# Big Lake, Small Stream



## LOAH (Sep 29, 2007)

Yesterday, I had a rare opportunity to fish Strawberry Reservoir from a boat and jumped at the invitation. My Mom and her husband got a ski boat over the summer and this would be its first fishing trip.

Kevin (Mom's hubby), Al (their friend), my Uncle Jesse, and I got on the water a little after 9:00 and the conditions were sunny and mild.

Being the only hopelessly obsessed fisherman of the bunch, my advice was sought for a place to drop anchor. Eventually, the third option I offered was taken and we zipped across the lake to a place none of us had been to.





































The northern channel of the narrows looked great, so we found some steep rocky walls to park next to for the first hour and change. A couple of us got bites, but no fish were brought to hand until a cutthroat finally committed to me.










We eventually moved to a promising corner and anchored there, allowing the breeze to keep us in a good zone. The fish came by in schools and Kevin and I got some rainbows.



















After another move, the wind really picked up and it was hard to stay anchored. One last fish came in and it was time to head back around 1:30.










Barely in the slot on that one.

Getting back to the marina was pretty choppy. Even inside the breaker docks, the boat got tossed around quite a bit. Landing it on the trailer took some skill on Kevin's part.

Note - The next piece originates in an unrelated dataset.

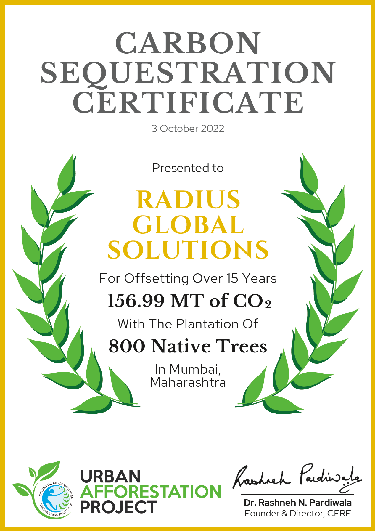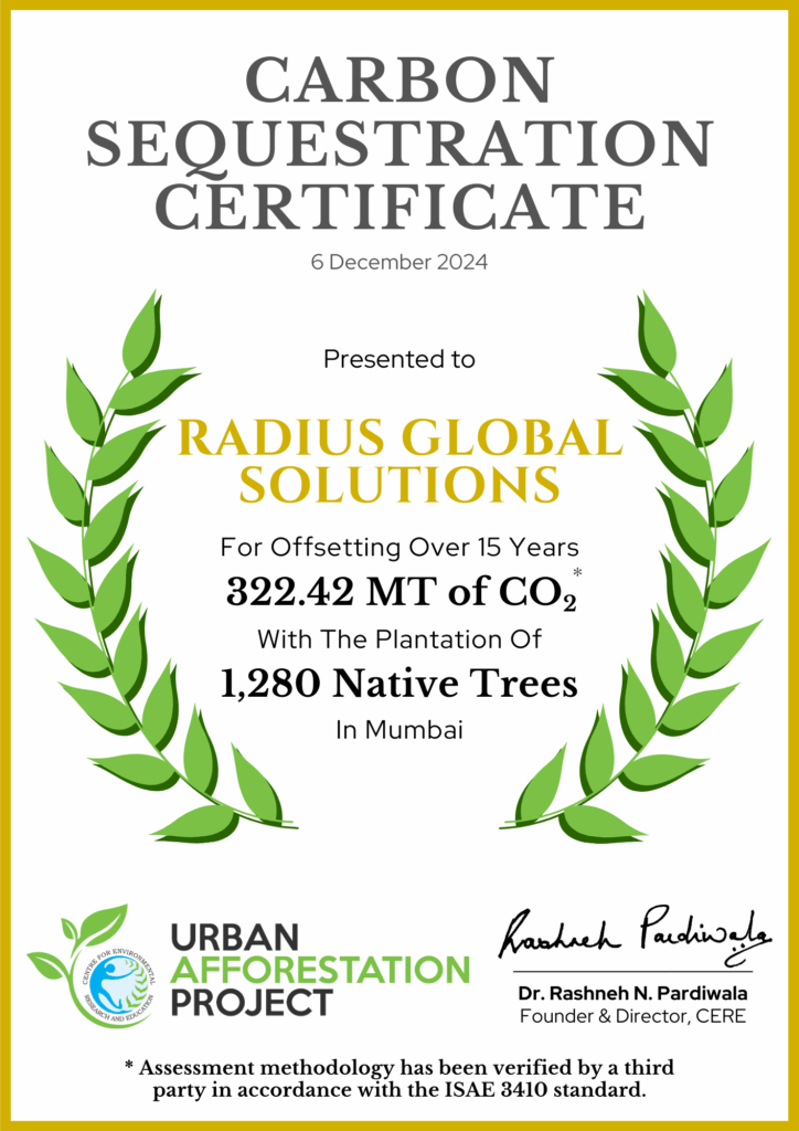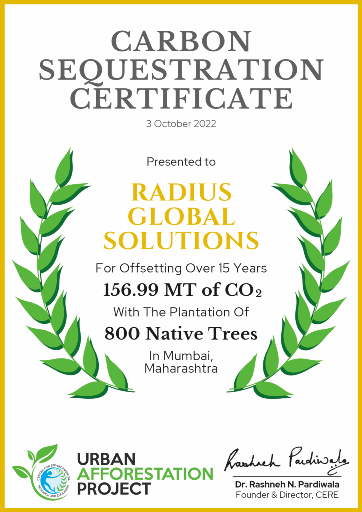 They have planted 2,080 trees in association with CERE for their sustainability initiative. Some of the species planted include 1) Amaltas 2) Beeja patta 3) Red sandalwood 4) Sita Ashok 5) Arjun

It was great to get out and see unfamiliar parts of the Berry and especially nice to finally fish with Kevin. We've talked about it for years. Also, the last time I fished with my Uncle Jesse, I was probably 6 years old.

They dropped me off where I'd parked to meet them up there and I was intent on finding somewhere for my new tube's inaugural float. After driving around to different parts of the lake, I decided that the wind was going to keep me off the water this time around.

Bummer, but next week will have to do.

The wind had turned me away from the Berry and my thoughts drifted toward faster fishing. After some indecision, a fleeting thought captured my attention and my next destination was set.

A little while later, I was hopping up a beautiful canyon, from boulder to boulder. The clear cold stream was full of actively feeding browns in the 6-10 inch range.

This pocket water was an absolute treat to fish, just as it had been, my last time around. A feast for the eyes, the stream was beautiful and the fish were starting to color up for the spawn.



















Almost every hole produced quick strikes and most were missed. The tiny inhabitants were all over my plastics. Working a Gulp through the deeper holes was very effective.























































A couple of those pools had some better fish in them. Several bigger-than-average fish wiggled off the hook after a few leaps. Finally, a really good one stayed on long enough to snap a blurry photo before it escaped.










That was a great catch for such a place and I'm sure I've got more hours to log up there in search of others, plus the other species that can be found higher up.

Though most of the fish were quite small, the experience was thoroughly enjoyed. It's great to spend time on small water, ambushing fishy holes under the shade of a healthy forest.

Happy Fishing, Humans.


----------



## 30-06-hunter (Sep 22, 2013)

Very nice, we have a hiking canyon just above our house with tons of smaller brookies and rainbows, but last summer I managed an 11" rainbow out of one hole and it left me wondering.


----------



## Flyfishn247 (Oct 2, 2007)

As always, great report and pics. I just love small mountain streams, who cares about the size, it's the quality of the experience that counts, or so she says...


----------



## stevo1 (Sep 13, 2007)

Those little holes and pocket water just scream fish,now back to my meds:mrgreen:


----------